The included visualizer overlays extracted bounding boxes onto the source PDF, useful for diagnosing alignment issues. Blue highlights show raw extracted boxes from pdfplumber; red highlights show aligned boxes from the annotated Markdown.

```bash
python -m groundmark.visualize input.pdf output.pdf --model "bedrock:au.anthropic.claude-sonnet-4-6"

# Or with cached Markdown:
python -m groundmark.visualize input.pdf output.pdf --markdown cached.md
```

![Visualizer output showing blue (raw) and red (aligned) bounding box overlays](https://raw.githubusercontent.com/populationgenomics/groundmark/main/visualize_example.jpg)

*Screenshot from Santoro et al., "Health outcomes and drug utilisation in children with Noonan syndrome: a European cohort study," Orphanet J Rare Dis 20:76 (2025). [doi:10.1186/s13023-025-03594-7](https://doi.org/10.1186/s13023-025-03594-7).

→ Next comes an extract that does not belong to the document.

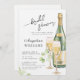 Chá de panela em estilo delicado, elegante, minimalista, com uma encantadora ilustração aquática de uma garrafa de vinho e de óculos de vinho.

CC-BY 4.0.*

## Configuration

### Timeouts

The LLM call for PDF-to-Markdown conversion can take several minutes for large documents, especially with Opus on Bedrock. Timeout defaults by provider:

| Provider | Default | Environment Variable |
|----------|---------|---------------------|
| Bedrock (boto3) | 300s | `AWS_READ_TIMEOUT` |
| Anthropic (httpx) | 600s | — (use `ModelSettings(timeout=...)`) |

For Bedrock with Opus, 300s may not be enough. Set a higher timeout:

```bash
export AWS_READ_TIMEOUT=600
```

## License

This project is licensed under the MIT License - see the [LICENSE](LICENSE) file for details.